Figure 1. PCV2 viraemia developing in Spanish pigs
Nursery mortality on average was 4.2% and finisher mortality was 14.4%. This was in marked contrast to a similar study in Denmark in single site farms, where peak mortality was much younger at 10-11 weeks and the nursery and finisher mortality was 12.7 and 5.7% respectively, which was the complete opposite to Spanish farms.

The Spanish findings were similar to my own when I was involved with a farming group, which operated a 3-site all-in all-out production system. We could have mortality as low as one percent in the nurseries, but the PCV2 viraemic surge and consequent mortality (approximately 9%) and chronic wasting (also 9%) occurred in the finisher sheds at about 11-16 weeks of age.
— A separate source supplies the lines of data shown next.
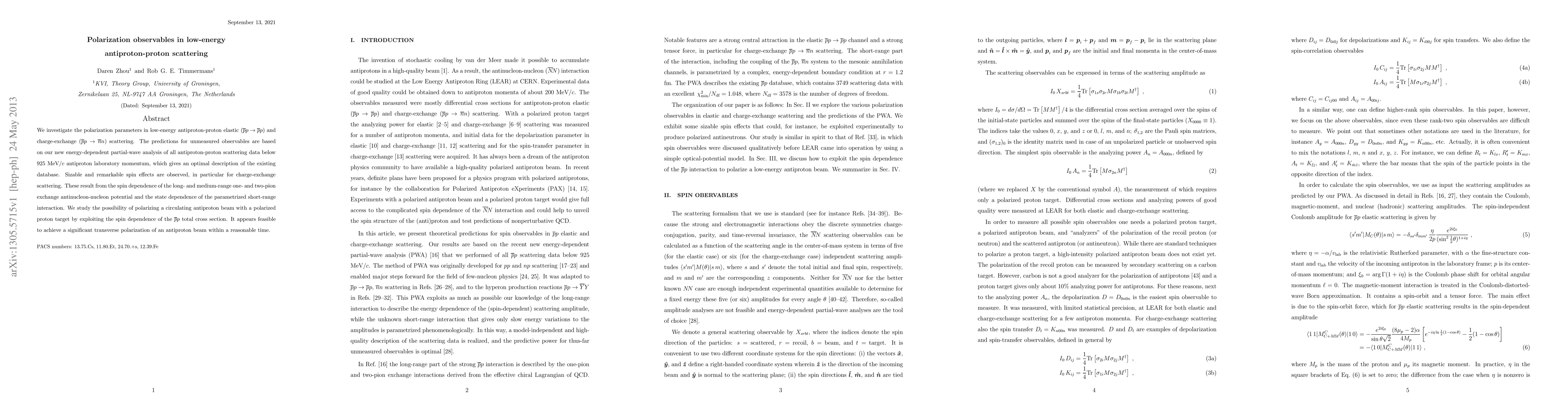 This paper investigates polarization observables in low-energy antiproton-proton scattering, revealing significant spin effects, particularly in charge-exchange processes. The study employs an energy-dependent partial-wave analysis to predict unmeasured observables, suggesting a feasible method to polarize antiproton beams using a polarized proton target.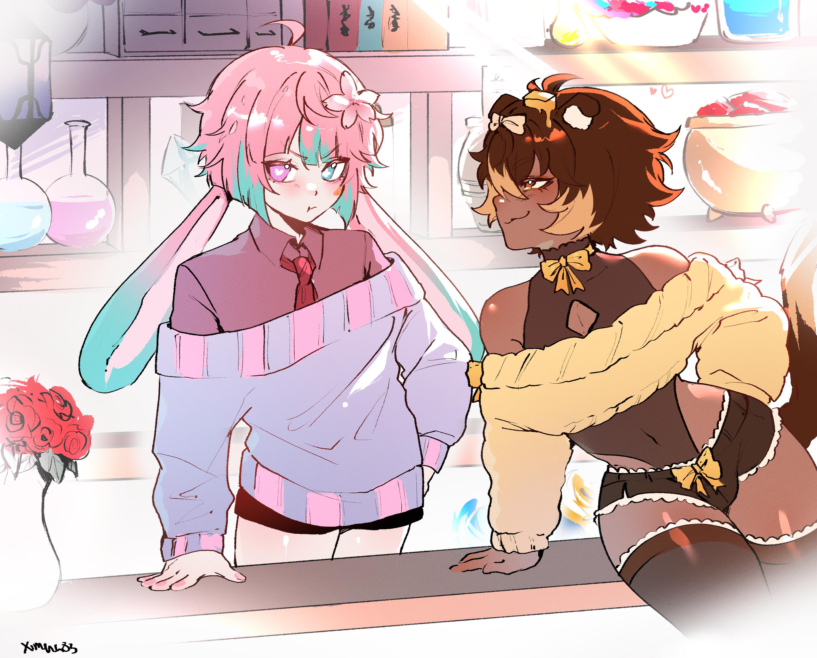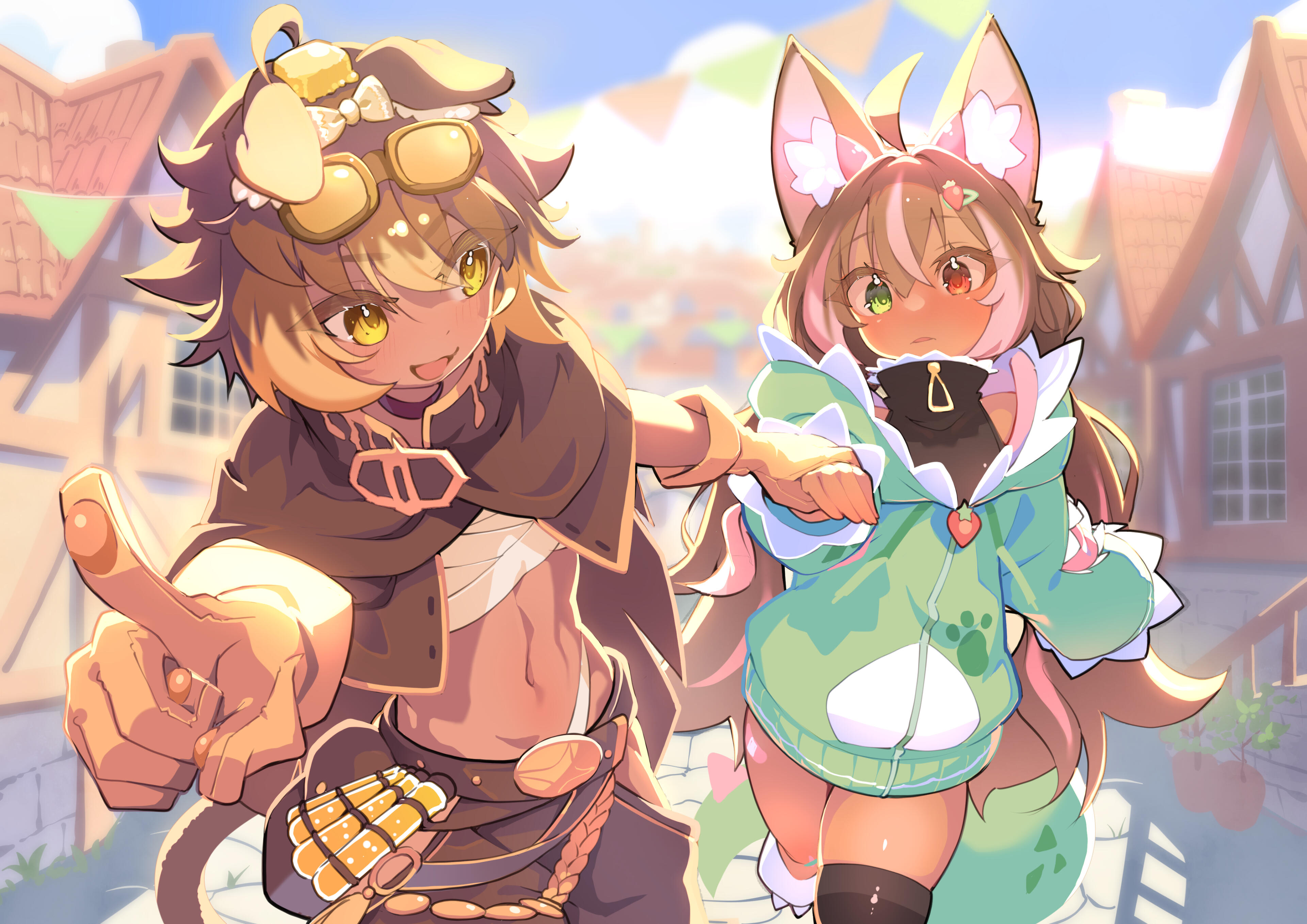 Once upon a time, in the village of Caershire (Kesh - Ur) , there was a renowned baker, a small boy adopted by two Wood Elves nick-named Fuwa. Fuwa owned their own bakery after the departure of their parents for the Great God War a war set on the God's versus their own creation. A pitiful mockery of their rebellion turned into a global scale. A few years later not hearing a word back, Fuwafa began cooking for the townsfolk. Being the number one seller of treats during the Autumn Dawn Festival, their fluffy, golden-brown croissants and pastries eventually made word, causing tourism in Caershire to skyrocket expotentially.After a few more years, their baking expertise would only grow, as word of Fuwafa’s legendary pancake cakes, a perfect combination of two of the realms greatest treats spread far and wide across the land. Citizens, bandits, and eldritch abominations would venture toward the small Wood Elf ran town to try some of these morsels for themselves. Even the king of Ashbourne himself had heard of it, and so, for his grand wedding, he personally requested Fuwafa to craft a towering masterpiece inspired by their famous creation. The biggest Pancake Cake ever concieved... to be delivered at his throne room.Fuwafa was adamant about this project at first, but time was against them. The deadline was impossibly tight with the wedding being only in a day. Harboring panic and in desperation, Fuwafa turned to the arcane arts, weaving a spell to hasten the baking process. As Fuwafa chanted a spell of Haste and Polymorph, golden light swirled throughout the bakery, lifting ingredients into the air with each move of Fuwa's fingertips. The magic was working until disaster struck.In their hurried state, Fuwafa accidentally knocked over a stack of utensils. The sudden clatter startled their pet kitty cat, who had been watching from the counter, playing with the empty bowl of milk. With a startled screech, the kibty cat leaped, only to slip on a dusting of flour. In a chaotic scramble, the cat flailed, its claws catching onto Fuwafa’s sleeve. Before they could react, both tumbled headfirst into the cauldron of enchanted batter.The spell, unfinished and unstable due to Fuwafa's early lack of proficiency, reacted violently. A blinding flash filled the bakery as the magic surged out of control. The last thing Fuwafa remembered was the warm scent of vanilla, a rush of golden light, and the sound of their cat’s panicked meow drifting deeper within their soul before everything went dark. The bakery was destroyed in an Arcanic Explosion, leaving Fuwafa's form to slowly regenerate over the course of a week under the rubble due to the nasty explosion. The reconstructed DNA, mistakenly taking the cat's as their own blended theirs together as a kemomoni hybrid was born from the ashes. Seeing their family legacy broken, having nothing else here left for them Fuwafa limped away from the debris, seeking out adventure and a new purpose in life. Alchemy would be the thing to cure them from their condition, all they needed now was knowledge and time. A way to unbind their DNA from the cat's being the only goal in mind as they ventured off to new horizions.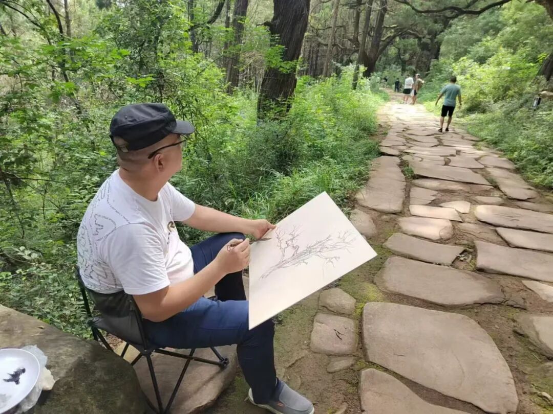 千年之舞(拦马墙古柏)10寸15骨成扇(2024年)

This seems to be the finding consistently in many of the US and Canadian field trials, where the main chronic mortality was associated with the finishing pig rather than the nursery and presumably when maternal antibodies are waning and the pigs become susceptible to a challenge.

Sows were also tested for PCV2 viraemia by qPCR. Only 2.3% were viraemic and this contrasted with 39.3% of sows in Danish 1-site herds. Although it is known that there is vertical transmission of PCV2 from sows to piglets, it also raises the question how much spread or reinfection takes place within a single site production, where there is also active excretion and contamination going on from challenged and susceptible, growing pigs. Breed, climate and other diseases may have an impact but I suspect the production system also is important.